It is a remarkable phenomenon that the foremost among recent sites of this interrogation of boundaries has been a series of festivals located in Bury, on the outskirts of Greater Manchester. World leading artists and poets have been brought together in a range of exhibitions and performances that demonstrate a new and productive collision of different cultural enterprises and expectations. Among those shown at the Text Festivals are Fiona Banner, derek beaulieu, Caroline Bergvall, Joseph Beuys, Christian Bok, Brass Art, Marcel Broodthaers, Pavel Buchler, Augusto de Campos, Zeynep Cansu, Henri Chopin, Bob Cobbing, Liz Collini, Philip Davenport, Ian Hamilton Finlay, Hamish Fulton, Eugen Gomringer, Robert Grenier, Alan Halsey, Alexander Jorgenson, Satu Kaikonen, Martin Kippenburger, Karri Kokko, Marton Koppany, On Kawara, Helmut Lemke, Richard Long, Tony Lopez, Jackson Mac Low, Hansjorg Mayer, Steve Miller, Kerry Morrison, Maurizio Nannucci, Patrick Fabian Panetta, Holly Pester, Tom Philips, Shaun Pickard, Kate Pickering, Hester Reeve (HRH.the), Spencer Roberts, Ed Ruscha, Ron Silliman, Mary Ellen Solt, Magda Stawarska-Beavan, Harald Stoffers, Carolyn Thompson, Nick Thurston, Aysegul Tozeren, TNWK, Tony Trehy, Nico Vasilakis, Carol Watts, Lawrence Weiner, George Widener, Ming Wong, and Eric Zboya. Artists, poets and curators working in these overlapping fields have written this book. It includes new essays by Tony Trehy (director of the Text Festivals), derek beaulieu, Christian Bok, Liz Collini, James Davies, Philip Davenport, Robert Grenier, Alan Halsey, Tony Lopez, Holly Pester, Hester Reeve (HRH.the), Carolyn Thompson, and Carol Watts.

OUT NOW from Plymouth University Press or via Amazon

Charlie Sayzz

A twitter haiku poem made from Iraq/Afghanistan war reportage, intercut with quotes from cult leader Charles Manson, will tweet 1st Oct onwards from: https://twitter.com/CharlieSayzz

The poem draws comparisons between psychopathology and foreign policy.
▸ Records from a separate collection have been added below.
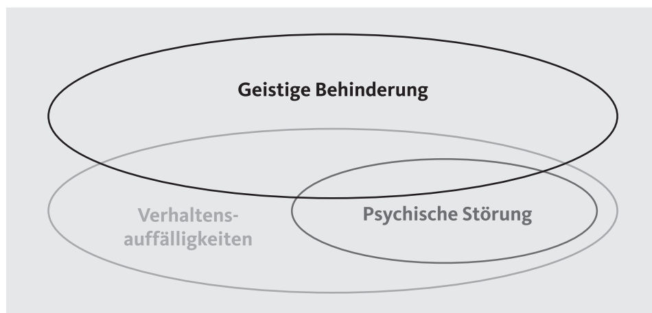
Abb. 1: Schematische Darstellung des Verhältnisses der Begriffe »geistige Behinderung«, »Verhaltensauffälligkeiten« und »psychische Störung«

Diese begriffliche Sichtweise kann indessen keine Verbindlichkeit beanspruchen. Denn in der Literatur zum Thema und im fachlichen Austausch in der Praxis trifft man durchaus auf andere Modelle. Besonderes Gewicht kommt dabei der ICD-10 zu (und bald ihrer Nachfolgerin, der ICD-11), der International Classification of Diseases (WHO 2016), an der sich vielfach die psychiatrische Diagnosestellung orientiert. Die ICD-10 lässt einen breiteren Begriff psychischer Störungen erkennen, als ihn Abbildung 1 skizziert. Er umfasst zum einen definierte psychiatrische Störungsbilder (auf die sich der Begriff psychische Störung in Abb. 1 beschränkt), wie z. B. Angst- und Zwangsstörungen, affektive Störungen (u. a. die Depression) oder Essstörungen. Zum andern gilt zusätzlich auch die Intelligenzminderung (d. h. geistige Behinderung) als psychische Störung. Von einer Verhaltensstörung ist gemäß ICD-10 als psychiatrische Ausschlussdiagnose zu reden, d. h. wenn sich Auffälligkeiten im Verhalten eines Menschen keinem der definierten Störungsbilder zuordnen lassen (siehe hierzu weiterführend Schanze 2014, S. 235 f.).
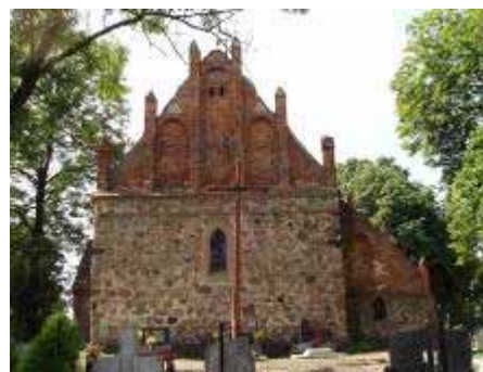
Foto 15. Harmonijna elewacja wsch. kościoła w Brudzawach.

Wyposażenie świątyni, głównie XVIII i XIX w., nie jest szczególnie godne uwagi (KZSP, t. XI.2, s. 24 – 25. Zob. też TST).
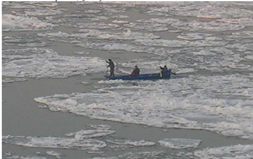
Слика 3 : Рибари на Дунаву

Уколико се има у виду све већи апел за развојем зелених видова туризма и потреба за његовим одрживим развојем, јасно је да Земун са посебном пажњом мора развијати туризам у овим зонама.

“An American nightmare, with its condensation of Holy Spirit + Charles Manson + War + haiku (a Japanese form that could recall of course another war)… Another voice among the voices, a way to explore trauma… Poetry should do this.” (Steve Giasson)
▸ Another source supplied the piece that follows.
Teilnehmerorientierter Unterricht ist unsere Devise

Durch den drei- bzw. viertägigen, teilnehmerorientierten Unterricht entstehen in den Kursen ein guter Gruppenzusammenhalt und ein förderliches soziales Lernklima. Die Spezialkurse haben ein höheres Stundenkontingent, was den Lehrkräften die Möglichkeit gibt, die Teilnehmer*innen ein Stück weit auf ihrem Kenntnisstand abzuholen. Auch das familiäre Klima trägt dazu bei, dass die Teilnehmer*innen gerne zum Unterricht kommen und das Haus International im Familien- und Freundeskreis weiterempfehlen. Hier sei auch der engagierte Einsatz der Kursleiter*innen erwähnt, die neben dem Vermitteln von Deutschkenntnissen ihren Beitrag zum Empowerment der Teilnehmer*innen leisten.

Charlie Sayzz is constructed from incorrect 18-syllable haiku, to be transmitted one per day for the next year. The haiku is a much-abused and appropriated short (17-syllable) Japanese form, often meditative and peaceful. It is chosen here for its very in-appropriateness as a vehicle for war poetry. And yet under the placid surface, haiku surely is angry, because it is now such a colonised poetry. The extra syllable in these ‘bad’ haiku is to create dissonance (in old numerology, 9 is the number of aggression; 18 syllables = 1+8 = 9).

The poem was devised by Philip Davenport and co-written by him with Richard Barrett, Steve Giasson, Tom Jenks, Michael Leong, copland smith and Steve Waling.  Tom Jenks programmed the twitter feed and shaped many of the verses as visual poems.
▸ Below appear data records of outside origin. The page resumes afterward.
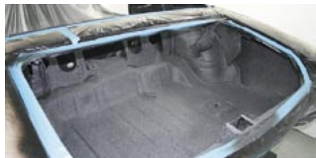
Bagageutrymmet färdigt. Det här blir faktiskt det enda på hela bilen som följer originalmönstret.
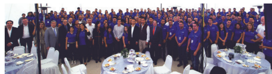
Directivos, autoridades y empleados, se unieron en la celebración de la inauguración oficial de la empresa Merit en Matamoros, Tam.
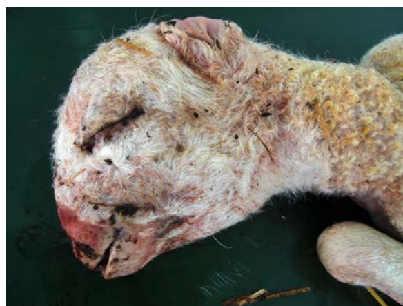
2. Malformación craneal

This project is a parallel to Davenport’s novel Charlie Says (2013)

http://www.amazon.co.uk/Charlie-Says-ebook/dp/B00DDU1R6A

 

Charlie Says: Philip Davenport

Charlie

Set in late-1960s Los Angeles, Charlie Says retells an  apocryphal story: that cult leader Charles Manson auditioned for the pop TV show The Monkees. In this novel, he gets the part.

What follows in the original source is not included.